(Task material begins)

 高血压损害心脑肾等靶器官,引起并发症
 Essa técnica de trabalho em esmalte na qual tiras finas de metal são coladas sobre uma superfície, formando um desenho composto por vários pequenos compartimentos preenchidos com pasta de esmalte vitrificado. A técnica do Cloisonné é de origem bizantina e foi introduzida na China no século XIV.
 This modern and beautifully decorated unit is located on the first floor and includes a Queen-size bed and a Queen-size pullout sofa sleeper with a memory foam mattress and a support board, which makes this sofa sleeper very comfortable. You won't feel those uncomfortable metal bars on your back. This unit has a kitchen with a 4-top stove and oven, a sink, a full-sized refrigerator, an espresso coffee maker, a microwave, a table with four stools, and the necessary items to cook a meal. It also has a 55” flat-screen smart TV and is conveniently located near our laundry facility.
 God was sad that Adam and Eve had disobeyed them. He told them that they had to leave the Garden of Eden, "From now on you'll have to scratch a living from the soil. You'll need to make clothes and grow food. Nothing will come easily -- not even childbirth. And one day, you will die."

(Task material ends)
(Task material begins)

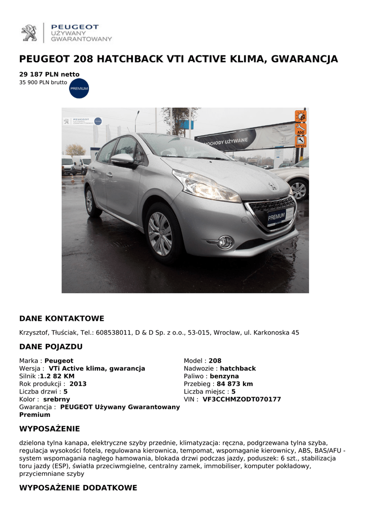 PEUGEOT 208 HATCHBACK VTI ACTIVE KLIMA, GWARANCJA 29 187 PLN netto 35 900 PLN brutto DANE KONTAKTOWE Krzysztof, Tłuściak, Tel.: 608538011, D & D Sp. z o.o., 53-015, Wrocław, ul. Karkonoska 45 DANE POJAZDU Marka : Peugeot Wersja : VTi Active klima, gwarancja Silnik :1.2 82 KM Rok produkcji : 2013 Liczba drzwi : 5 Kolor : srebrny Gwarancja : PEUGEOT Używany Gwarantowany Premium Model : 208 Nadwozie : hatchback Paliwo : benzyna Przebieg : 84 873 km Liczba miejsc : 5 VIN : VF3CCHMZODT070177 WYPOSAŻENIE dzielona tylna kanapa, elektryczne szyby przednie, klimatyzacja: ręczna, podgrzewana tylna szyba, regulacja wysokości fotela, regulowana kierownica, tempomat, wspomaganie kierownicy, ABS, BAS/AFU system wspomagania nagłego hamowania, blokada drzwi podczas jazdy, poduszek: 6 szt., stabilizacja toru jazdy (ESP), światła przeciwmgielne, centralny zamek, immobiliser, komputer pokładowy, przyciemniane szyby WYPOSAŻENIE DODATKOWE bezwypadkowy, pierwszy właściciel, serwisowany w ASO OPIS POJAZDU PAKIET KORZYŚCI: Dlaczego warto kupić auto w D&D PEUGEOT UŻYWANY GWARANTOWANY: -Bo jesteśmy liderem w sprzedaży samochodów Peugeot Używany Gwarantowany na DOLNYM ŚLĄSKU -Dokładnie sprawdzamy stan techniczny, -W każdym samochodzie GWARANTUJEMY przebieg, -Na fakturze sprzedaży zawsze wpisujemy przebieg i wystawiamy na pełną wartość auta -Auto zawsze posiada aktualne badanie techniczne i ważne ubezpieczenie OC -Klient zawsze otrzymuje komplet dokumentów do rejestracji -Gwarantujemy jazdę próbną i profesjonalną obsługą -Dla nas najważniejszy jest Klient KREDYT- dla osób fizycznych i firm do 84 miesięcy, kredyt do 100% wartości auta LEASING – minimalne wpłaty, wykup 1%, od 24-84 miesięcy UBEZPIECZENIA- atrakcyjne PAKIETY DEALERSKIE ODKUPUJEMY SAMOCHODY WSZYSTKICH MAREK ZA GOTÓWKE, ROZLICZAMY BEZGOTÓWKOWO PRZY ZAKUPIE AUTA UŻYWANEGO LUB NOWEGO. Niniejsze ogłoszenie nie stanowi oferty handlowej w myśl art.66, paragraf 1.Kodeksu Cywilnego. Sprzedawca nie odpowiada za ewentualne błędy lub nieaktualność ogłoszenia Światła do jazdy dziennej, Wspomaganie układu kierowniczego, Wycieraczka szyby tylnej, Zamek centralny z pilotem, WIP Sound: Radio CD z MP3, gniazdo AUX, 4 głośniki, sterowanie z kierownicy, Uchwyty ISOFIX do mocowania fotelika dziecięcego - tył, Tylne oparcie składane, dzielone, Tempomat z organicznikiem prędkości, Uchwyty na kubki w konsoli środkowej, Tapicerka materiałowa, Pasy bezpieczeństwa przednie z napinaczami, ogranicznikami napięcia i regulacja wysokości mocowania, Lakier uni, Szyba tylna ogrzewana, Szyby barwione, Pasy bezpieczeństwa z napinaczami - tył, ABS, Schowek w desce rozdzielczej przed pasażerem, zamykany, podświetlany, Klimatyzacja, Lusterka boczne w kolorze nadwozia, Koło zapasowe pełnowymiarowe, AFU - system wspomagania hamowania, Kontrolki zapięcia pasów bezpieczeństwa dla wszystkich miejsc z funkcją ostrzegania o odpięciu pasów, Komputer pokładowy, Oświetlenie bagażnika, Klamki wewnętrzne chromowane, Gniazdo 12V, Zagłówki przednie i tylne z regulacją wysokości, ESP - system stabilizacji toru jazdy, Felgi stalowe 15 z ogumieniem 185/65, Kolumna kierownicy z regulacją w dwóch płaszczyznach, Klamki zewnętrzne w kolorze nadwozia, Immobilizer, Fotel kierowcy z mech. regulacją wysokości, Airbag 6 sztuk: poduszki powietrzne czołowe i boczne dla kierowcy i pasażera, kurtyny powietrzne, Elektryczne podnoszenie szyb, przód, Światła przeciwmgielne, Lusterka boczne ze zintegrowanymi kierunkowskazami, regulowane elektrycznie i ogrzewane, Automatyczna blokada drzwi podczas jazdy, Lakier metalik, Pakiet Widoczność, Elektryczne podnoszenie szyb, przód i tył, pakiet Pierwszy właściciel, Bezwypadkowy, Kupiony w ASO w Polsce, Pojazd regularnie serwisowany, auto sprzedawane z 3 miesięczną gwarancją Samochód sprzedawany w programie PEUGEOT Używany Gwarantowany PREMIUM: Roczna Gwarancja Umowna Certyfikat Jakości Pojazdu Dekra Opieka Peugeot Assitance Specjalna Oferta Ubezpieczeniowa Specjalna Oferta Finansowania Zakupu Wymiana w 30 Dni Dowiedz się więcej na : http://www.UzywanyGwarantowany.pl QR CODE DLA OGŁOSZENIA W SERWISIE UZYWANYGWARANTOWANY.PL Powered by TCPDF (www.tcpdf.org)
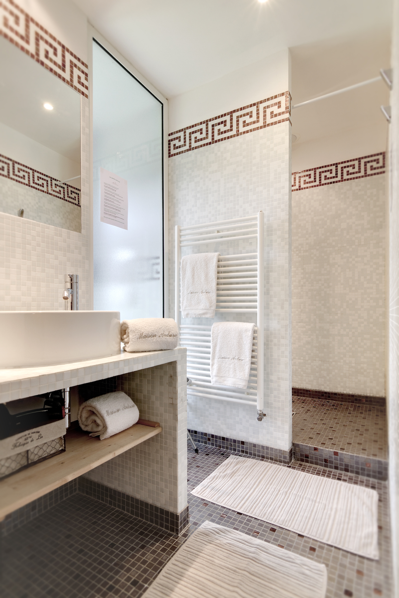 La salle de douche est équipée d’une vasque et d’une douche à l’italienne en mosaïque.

(Task material ends)
(Task material begins)

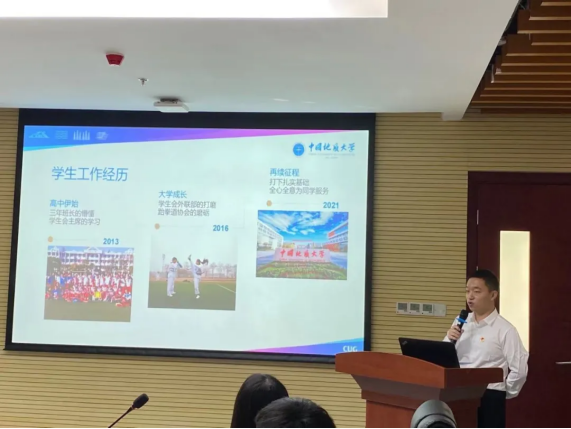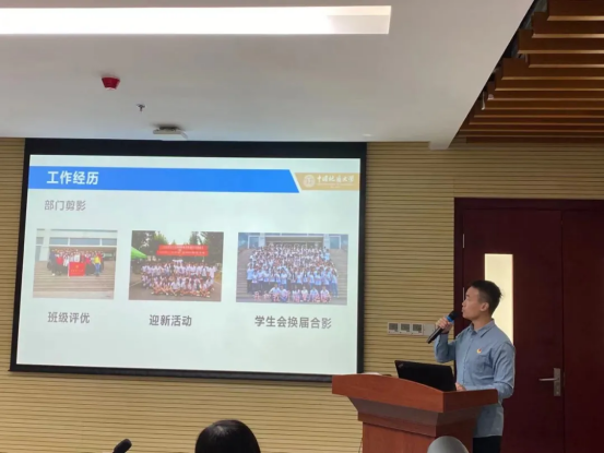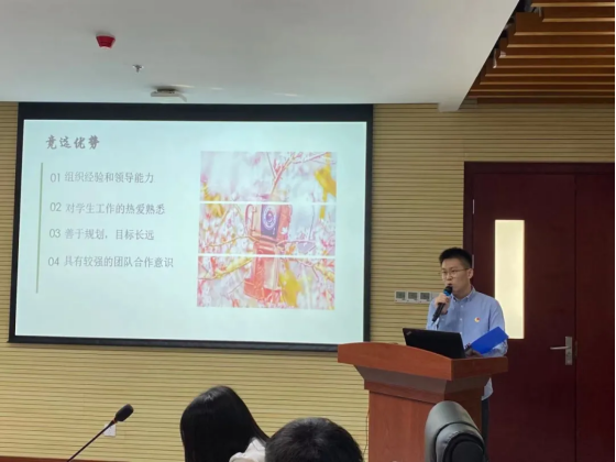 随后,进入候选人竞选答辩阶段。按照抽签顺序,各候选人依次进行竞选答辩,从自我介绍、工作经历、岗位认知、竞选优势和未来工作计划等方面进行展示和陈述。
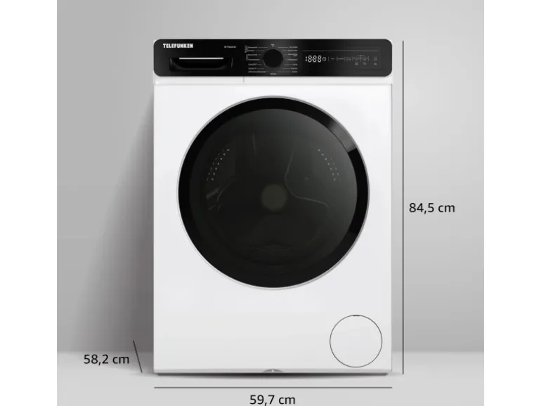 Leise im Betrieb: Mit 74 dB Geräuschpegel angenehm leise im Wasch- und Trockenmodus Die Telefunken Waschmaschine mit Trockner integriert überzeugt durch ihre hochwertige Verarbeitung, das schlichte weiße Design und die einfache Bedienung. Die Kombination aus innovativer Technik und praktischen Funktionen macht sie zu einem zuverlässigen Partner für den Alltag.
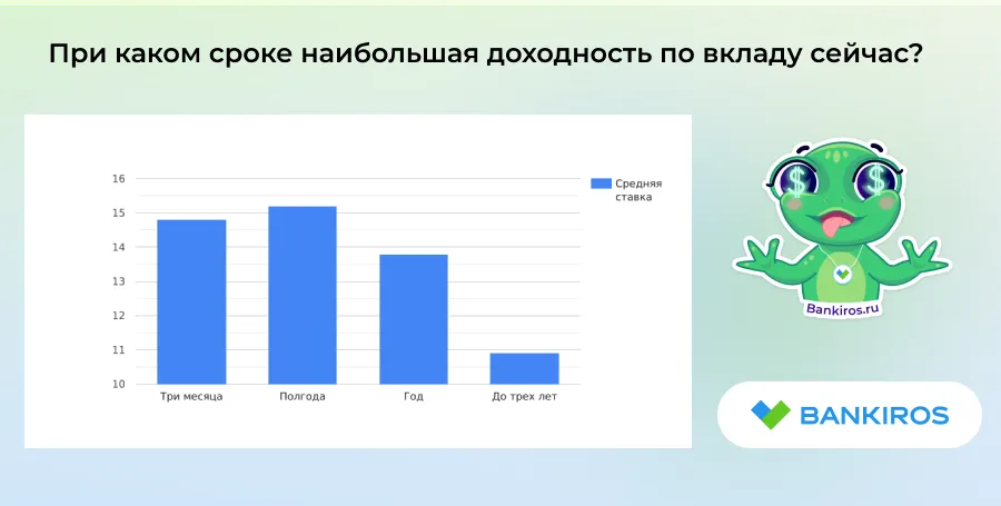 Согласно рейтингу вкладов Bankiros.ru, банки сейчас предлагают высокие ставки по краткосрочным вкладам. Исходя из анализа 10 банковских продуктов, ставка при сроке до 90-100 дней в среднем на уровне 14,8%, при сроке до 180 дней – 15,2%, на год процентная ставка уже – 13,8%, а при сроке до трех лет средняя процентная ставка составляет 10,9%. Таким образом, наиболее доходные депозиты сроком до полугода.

(Task material ends)

Repeat the lines above exactly, beginning with the one containing "Leise im Betrieb: Mit" and finishing with the one containing "Согласно рейтингу вкладов". No pictures belong in the copy.

 Leise im Betrieb: Mit 74 dB Geräuschpegel angenehm leise im Wasch- und Trockenmodus Die Telefunken Waschmaschine mit Trockner integriert überzeugt durch ihre hochwertige Verarbeitung, das schlichte weiße Design und die einfache Bedienung. Die Kombination aus innovativer Technik und praktischen Funktionen macht sie zu einem zuverlässigen Partner für den Alltag.
 Согласно рейтингу вкладов Bankiros.ru, банки сейчас предлагают высокие ставки по краткосрочным вкладам. Исходя из анализа 10 банковских продуктов, ставка при сроке до 90-100 дней в среднем на уровне 14,8%, при сроке до 180 дней – 15,2%, на год процентная ставка уже – 13,8%, а при сроке до трех лет средняя процентная ставка составляет 10,9%. Таким образом, наиболее доходные депозиты сроком до полугода.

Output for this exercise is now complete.